___ MATERIAL PROVIDED
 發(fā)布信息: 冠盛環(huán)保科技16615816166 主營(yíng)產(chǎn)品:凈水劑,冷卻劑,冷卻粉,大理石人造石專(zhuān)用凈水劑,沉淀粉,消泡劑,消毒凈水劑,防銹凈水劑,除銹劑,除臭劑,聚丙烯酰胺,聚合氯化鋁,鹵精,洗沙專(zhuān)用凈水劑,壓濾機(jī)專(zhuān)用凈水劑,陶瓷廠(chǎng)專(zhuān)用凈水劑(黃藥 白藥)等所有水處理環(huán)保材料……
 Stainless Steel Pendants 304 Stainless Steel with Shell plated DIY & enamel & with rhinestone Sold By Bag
______
___ MATERIAL PROVIDED
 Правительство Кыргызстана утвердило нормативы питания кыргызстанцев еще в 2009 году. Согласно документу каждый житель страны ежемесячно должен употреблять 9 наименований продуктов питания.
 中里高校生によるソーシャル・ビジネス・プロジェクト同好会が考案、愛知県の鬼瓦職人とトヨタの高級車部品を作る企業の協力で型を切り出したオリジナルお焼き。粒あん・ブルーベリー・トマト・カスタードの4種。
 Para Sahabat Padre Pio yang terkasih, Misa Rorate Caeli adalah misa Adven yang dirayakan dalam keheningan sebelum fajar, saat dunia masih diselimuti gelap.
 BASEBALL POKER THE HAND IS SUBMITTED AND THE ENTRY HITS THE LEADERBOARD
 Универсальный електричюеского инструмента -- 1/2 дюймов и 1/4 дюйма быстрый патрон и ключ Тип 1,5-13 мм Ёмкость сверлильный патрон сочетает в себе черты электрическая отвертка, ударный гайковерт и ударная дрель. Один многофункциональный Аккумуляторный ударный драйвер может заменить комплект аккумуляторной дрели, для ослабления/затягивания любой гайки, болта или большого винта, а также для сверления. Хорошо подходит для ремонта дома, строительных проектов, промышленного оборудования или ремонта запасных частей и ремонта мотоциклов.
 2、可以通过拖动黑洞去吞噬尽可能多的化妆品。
______
→ **WHAT TO PRODUCE**
In the entries above, the lines from the one bearing "Правительство Кыргызстана утвердило" up to and including the one bearing "中里高校生によるソーシャル・" should be transcribed exactly; no other line is wanted.

→ **RESPONSE**
 Правительство Кыргызстана утвердило нормативы питания кыргызстанцев еще в 2009 году. Согласно документу каждый житель страны ежемесячно должен употреблять 9 наименований продуктов питания.
 中里高校生によるソーシャル・ビジネス・プロジェクト同好会が考案、愛知県の鬼瓦職人とトヨタの高級車部品を作る企業の協力で型を切り出したオリジナルお焼き。粒あん・ブルーベリー・トマト・カスタードの4種。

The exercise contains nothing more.